YOU might not know it from the television news, but there have been quite a few meetings recently between political people and the general public.
Across the country, activists are performing the often thankless task of delivering leaflets and knocking doors.
While large swathes of the public complain that no candidate can be bothered to visit them, another large swathe will tell canvassers that they’ve had a bellyful of elections and would appreciate it if the visitor would go forth and multiply.
Many will complain that politicians are all the same and are all in it for themselves. Ironically, that criticism is usually voiced to visitors from the armies of unpaid political volunteers. For those activists, politics offers no reward other than the masochistic satisfaction of wearing out their shoe leather for a cause they support.
But while these conversations take place on Britain’s doorsteps, the picture you’ll see on the TV is somewhat different.
There have been a lot of complaints that the prime minister’s campaign events have been highly stage-managed, with minimal risk of Mrs May running into unconvinced members of the public.
If so, the campaign reflects modern conventional wisdom, which says that unscripted, unspun encounters with non-supporters are a high risk.

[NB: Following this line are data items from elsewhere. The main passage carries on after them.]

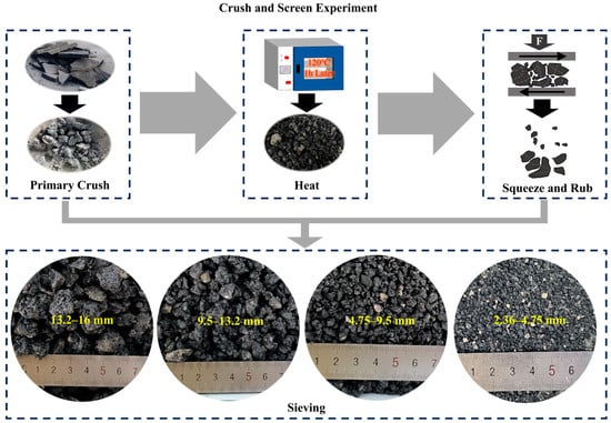 According to the Chinese standard technical specification JTG/T T5521-2019 [], RAP aggregates must be sieved into two parts before use. In this study, the CSE (crush and screen experiment) processing method was adopted, with the main purpose being to avoid the use of traditional mechanical processing, which can crush a large number of coarse aggregates and produce excess needle-like particles. In the CSE process, the large pieces of RAP are first dusted, then heated in the oven at 120 °C for 1 h, and finally kneaded and squeezed for separation. The CSE was used for the preliminary separation of the RAP aggregate, with the main purpose of separating the oversized particles (>16 mm) and then cooling them to obtain a large number of RAP clusters with different granular sizes.
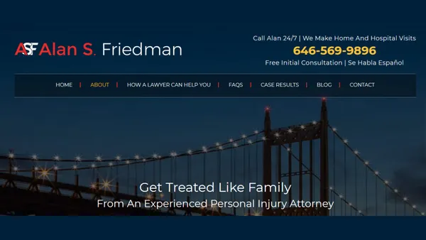 Alan S. Friedman has built a reputation as a dedicated personal injury attorney with over 25 years of experience in New York. Clients frequently praise his personal attention, accessibility, and knowledge of the law, often citing his responsive communication and willingness to answer questions, even outside normal hours. Many reviewers describe him as personable and compassionate. While overwhelmingly positive, reviews are relatively limited, and there is little public criticism; however, this scarcity makes it hard to assess consistency in outcomes. The firm is known for handling every aspect of a case directly and fighting for favorable client results.
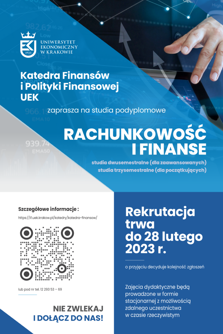Studia podyplomowe Rachunkowość i finanse 2022-12-10 Rekrutacja trwa do 28 lutego 2023 r.Katedra Finansów i Polityki Finansowej zaprasza na studia podyplomowe Rachunkowość i finanse Poprzedni Uroczyste zakończenie studiów podyplomowych realizowanych dla pracowników resortu finansów Nowsze Zaproszenie – konkurs Ministerstwa Finansów – Podatkowi Liderzy, 12. edycja
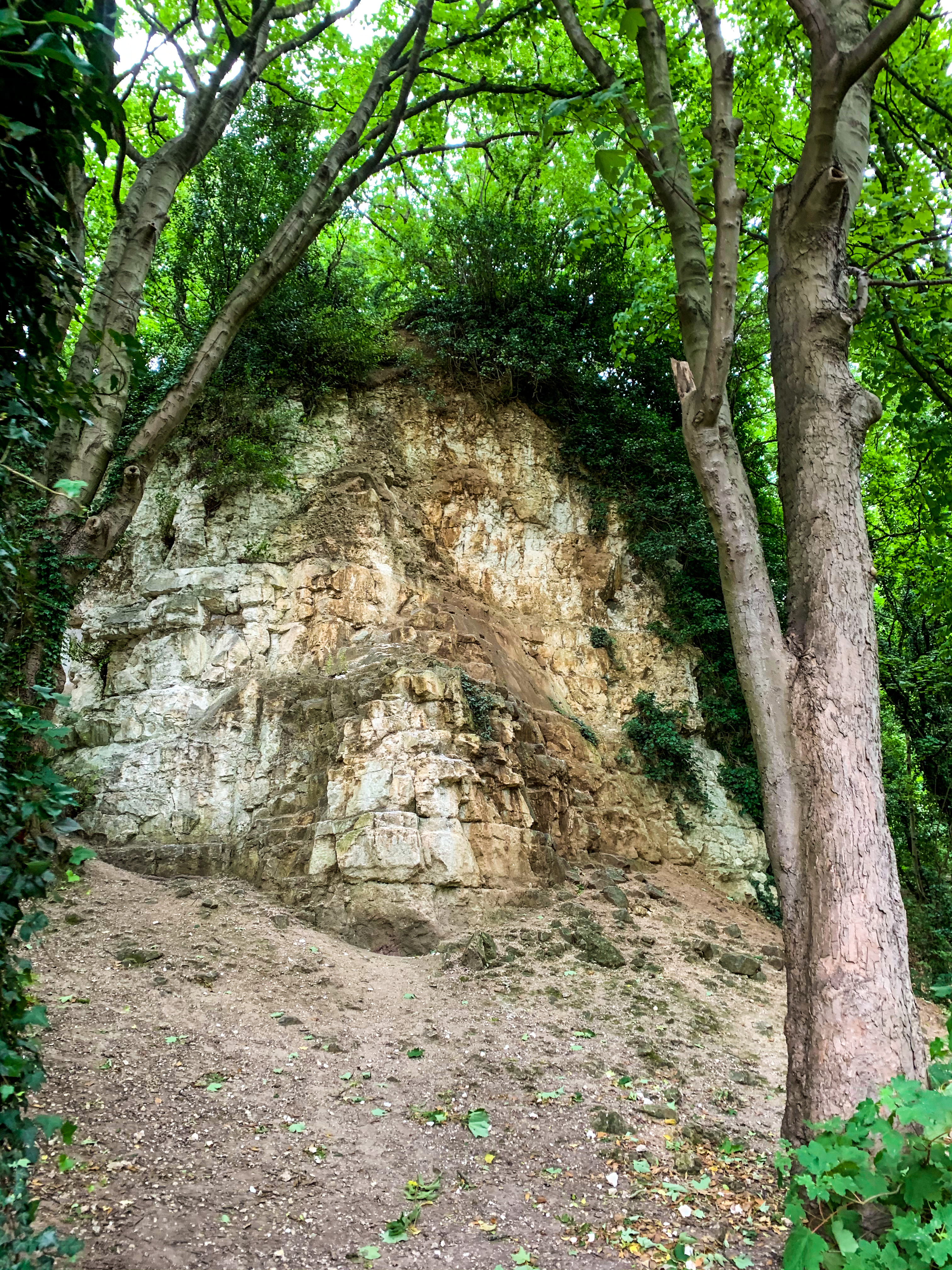 The walk starts in the car park but go through a gate and down a massive amount of steps into the old quarry below. The trees towering over you and the slopes of the quarry a vibrant green with stone showing through.
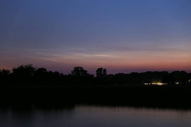 Kurz danach zog sich der Himmel zu. Im Verlaufe der Nacht hätte ich zwar Zeit gehabt, leider waren im Hochnebelfeld nur vereinzelt Sterne zu erkennen und vom Südwesten rollte die Schlechtwetterfront heran. Trotzdem schienen manchmal die NLC hindurch.
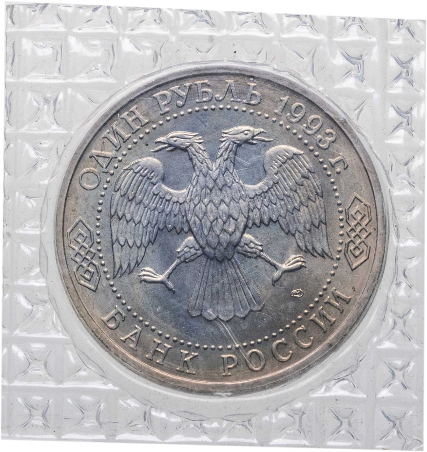 Вверху вдоль канта номинал «ОДИН РУБЛЬ» и год выпуска «1993 г.», внизу слова «БАНК РОССИИ». В середине двуглавый орел под ним справа монограмма монетного двора «ЛМД».
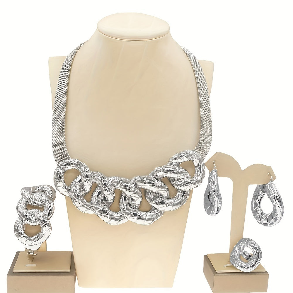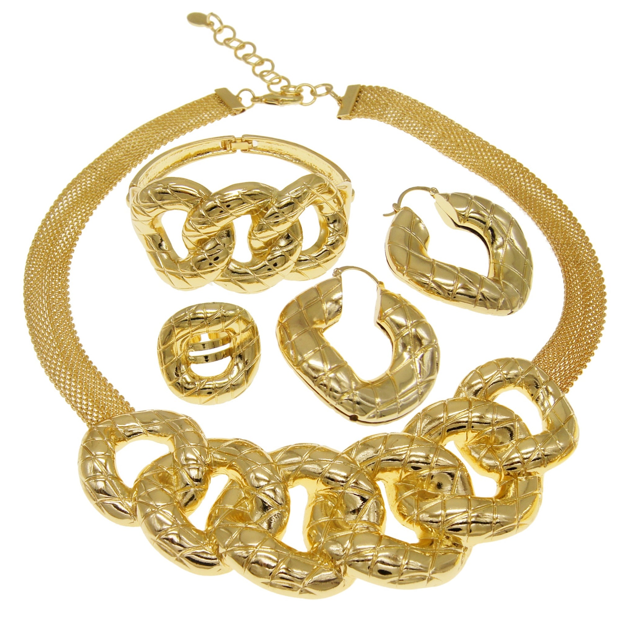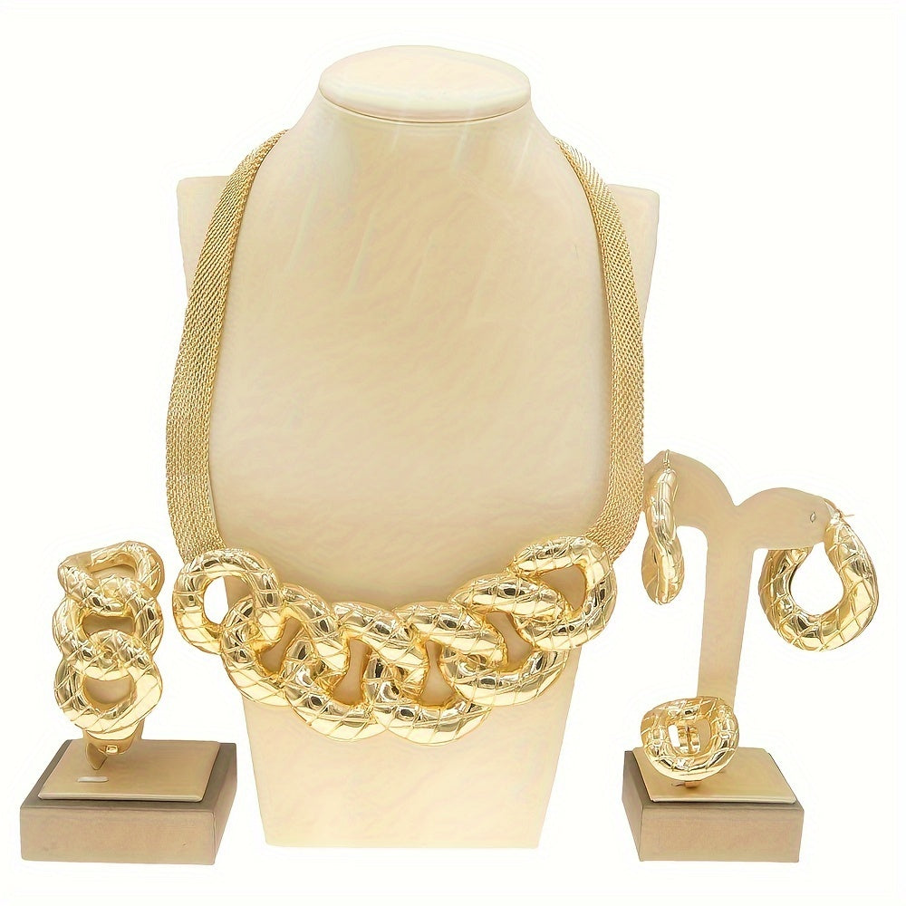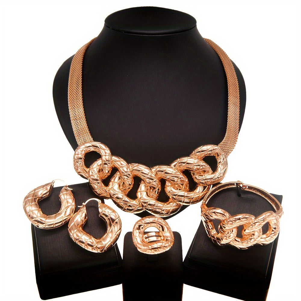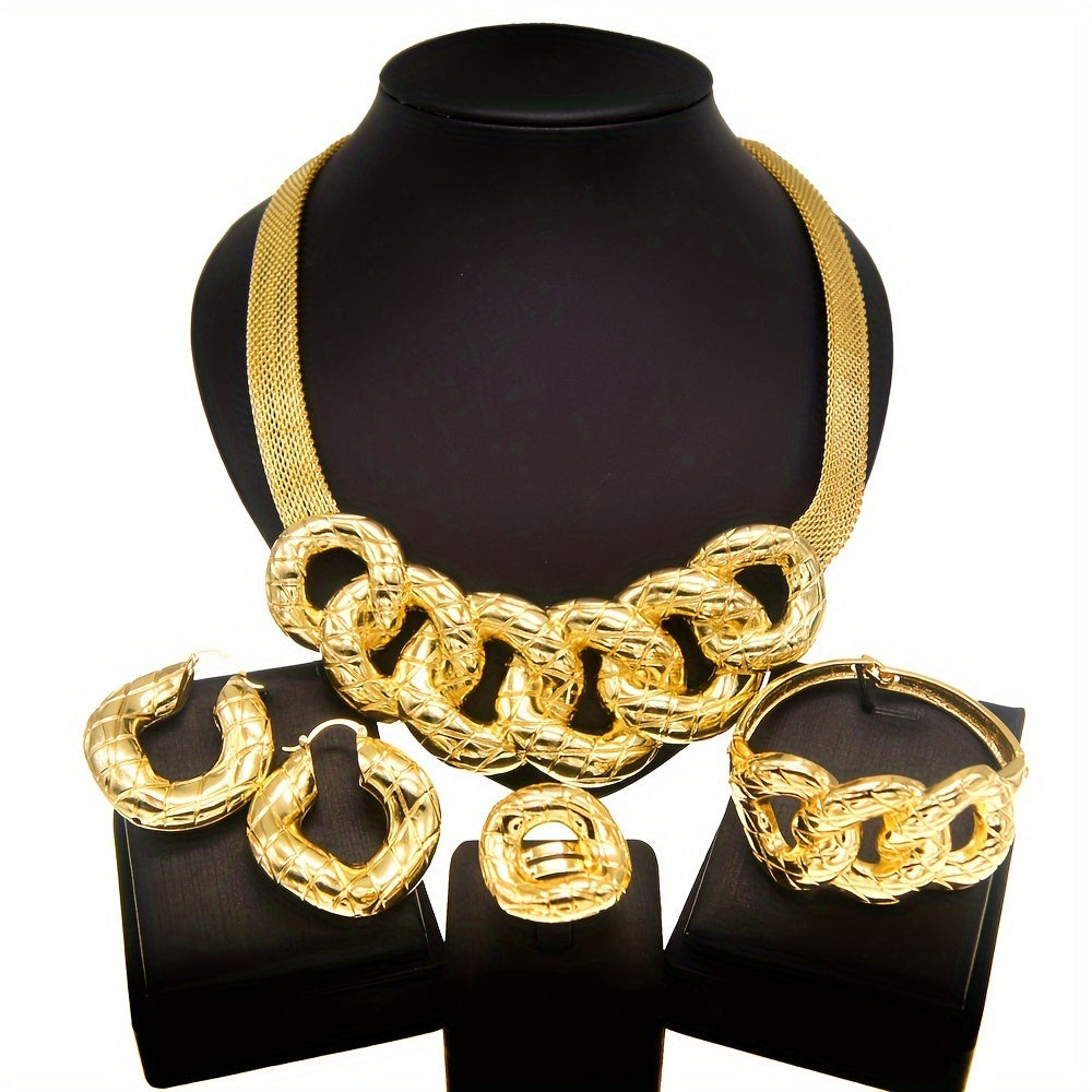 SYHOL Urban Fashion 24K Gold Plated Jewelry Set for Women - Chunky Necklace with Matching Earrings, Bracelet & Ring - November Birthstone, Zinc Alloy, for Wedding & Parties - All-Season Holiday Gift
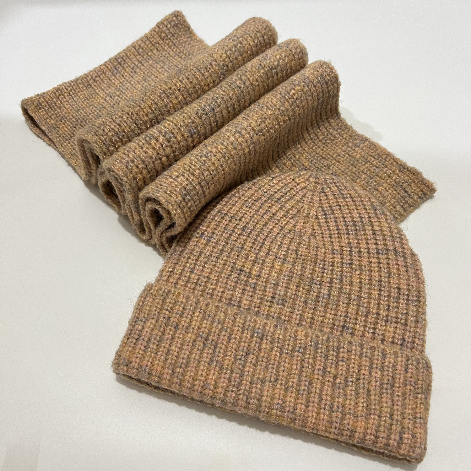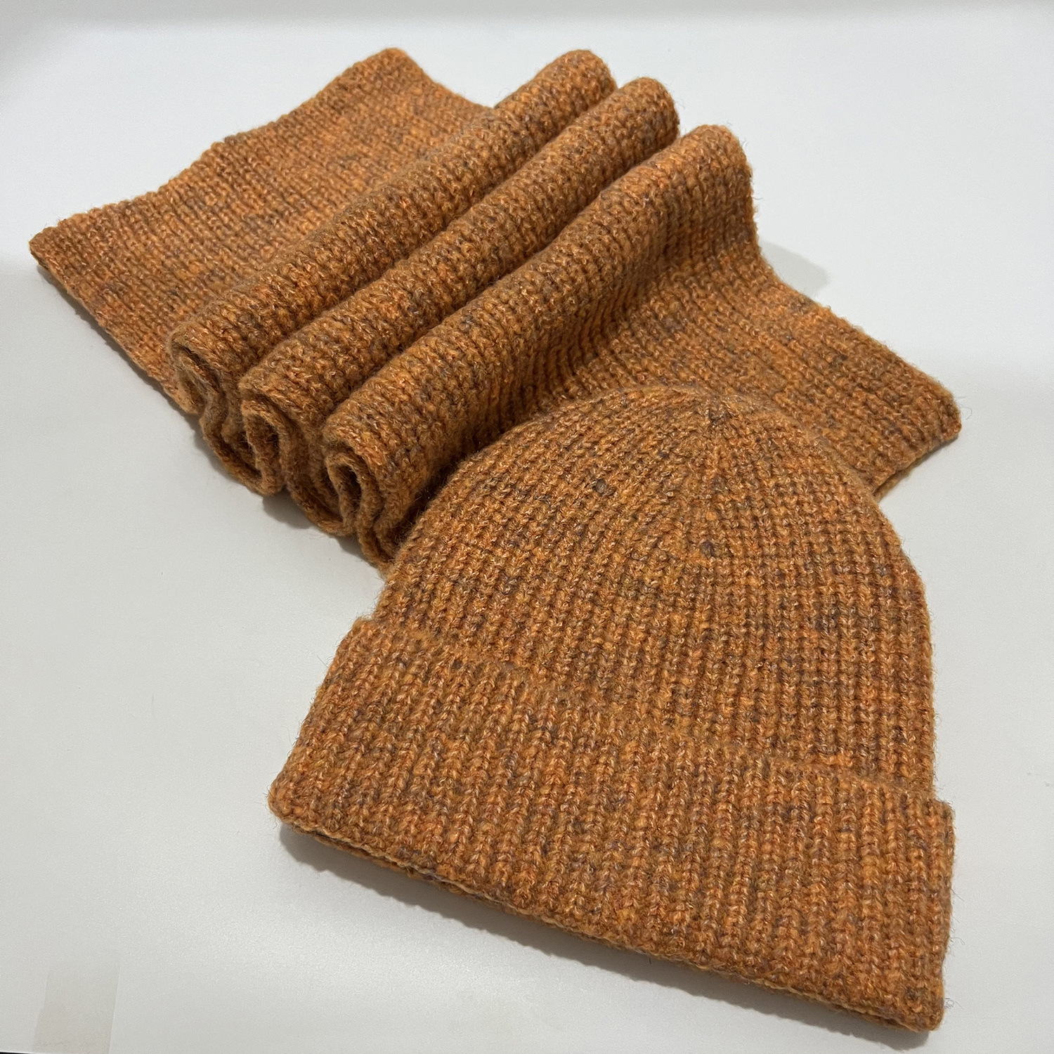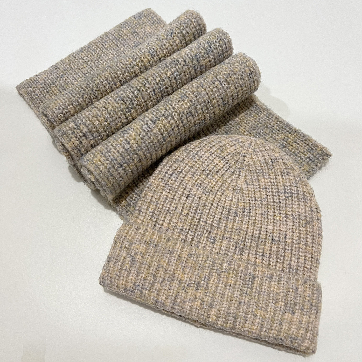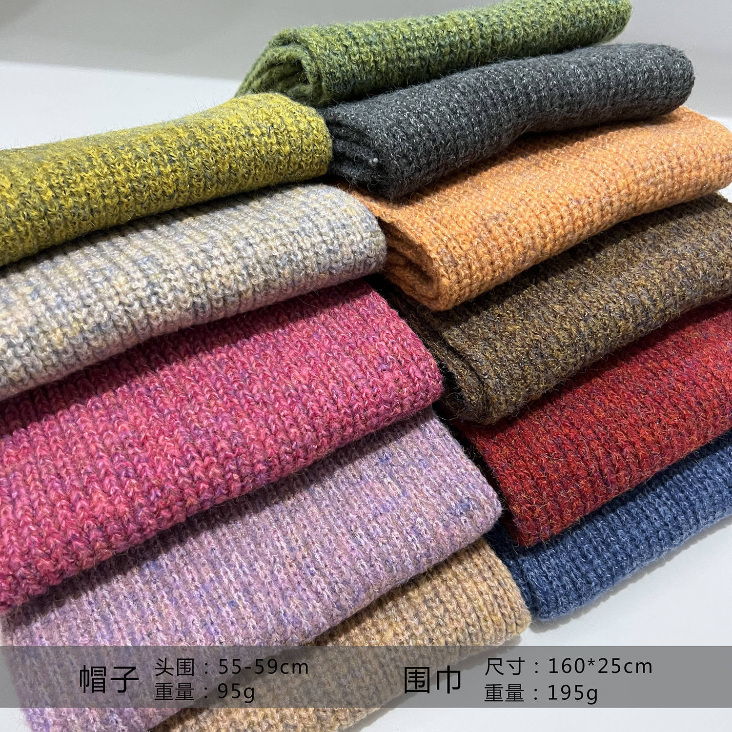 Новый стиль шерстяной смеси сплошной цвет трикотажный шарф из двух частей женский зимний теплая толстая езда ветрозащитная шерстяная шапка
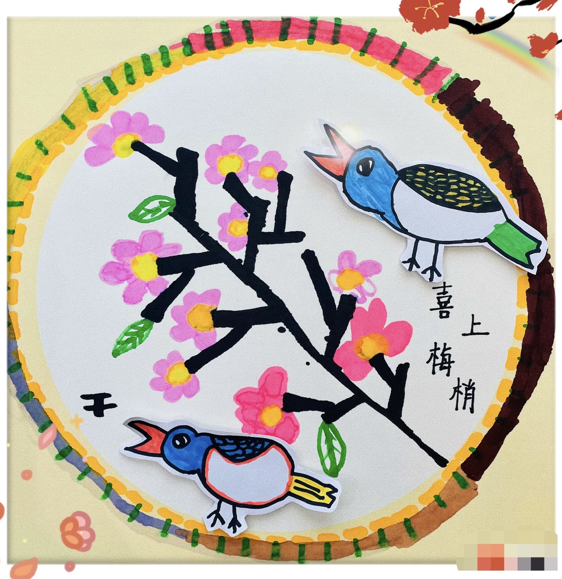 儿子今日美术课作品:喜上梅梢
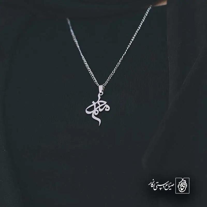 گردنبند اسم محمد کد 5180 از جنس استیل ضدزنگ و ضد حساسیت با رنگ ثابت توسط زیورآلات نگار طراحی و ساخته شده است. این گردنبند با ضخامت 1 میلیمتر در ابعاد 2.5 تا 4 سانتیمتر نسبت به سفارش مشتری قابل ساخت است. تمام محصولات در فروشگاه زیورآلات نگار بعد از خرید ساخته میشود و بین 7 تا 15 روز به دست شما مشتریان گرامی میرسد.
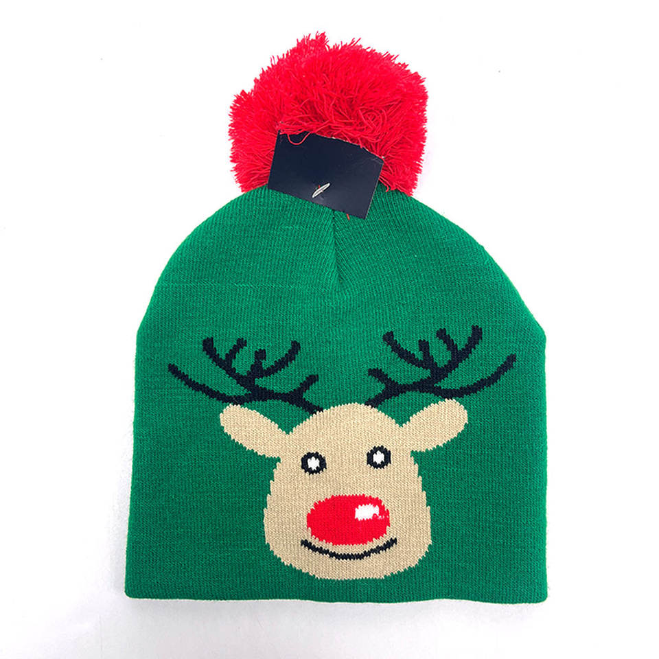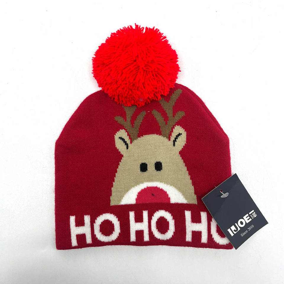Wholesale Factory Price Jacquard Beanies Hat Manufacturer Custom Logo Unisex Christmas Knit Pom Pom Winter Hat Knitted Cap

I think there’s a vicious circle at play here. Politicians run highly-controlled campaigns with minimal spontaneity. If unscripted moments do happen, the broadcast media seize on them and repeat them endlessly. The response of the spin doctors is to control campaigns even more tightly, and the whole election process gets ever more lifeless.
But I’m not sure that unscripted encounters really do any harm to a campaign that isn’t already in trouble.
In 2001, when Sharon Storer harangued Tony Blair about her experience of her local hospital, the exchange was endlessly repeated by broadcasters who mainly made no attempt to investigate whether her case represented a wider concern.
On the same day, deputy prime minister John Prescott punched an egg-throwing protester. I remember hearing that on the news and thinking: “What a disaster. Labour’s deputy leader will have to resign in the middle of an election campaign.”
I was wrong, of course. Labour was way ahead in the polls. Their voters were not going to be put off by the small matter of the deputy PM lamping a member of the electorate in front of the TV cameras. The party was returned with a majority of 167 seats.
In the 1983 election campaign, Margaret Thatcher faced a sustained, forensic grilling from voter Diana Gould on the TV programme Nationwide, over the sinking of the Argentine ship General Belgrano during the Falklands War. The exchange has been replayed many times as a rare example of the Iron Lady being rattled. But the Conservatives were returned with a majority of 144 seats.
You’d be hard pressed to think of an exchange like this that changed the course of a campaign. The real risk is that a gaffe can seem to sum up a campaign that is already in trouble. At another point in the 1983 election, a table fell over while Labour leader Michael Foot was speaking. A pretty unremarkable event, but it seemed emblematic of a shambolic campaign, and has been repeated many times.
From what we read of the national campaigns (we’ve yet to see a party leader down here), Jeremy Corbyn is giving the national media the cold shoulder but is meeting some ordinary people. Meanwhile, Tim Farron had a much-replayed encounter with a fellow named Malcolm (surname Angry, I think). I’m sure either would gladly swap their poll ratings for Mrs May’s, but these encounters don’t seem to have done any harm.
If you’re a politician who’s miles ahead, or way behind with nothing to lose, where’s the risk in meeting the public on camera? You might even like them.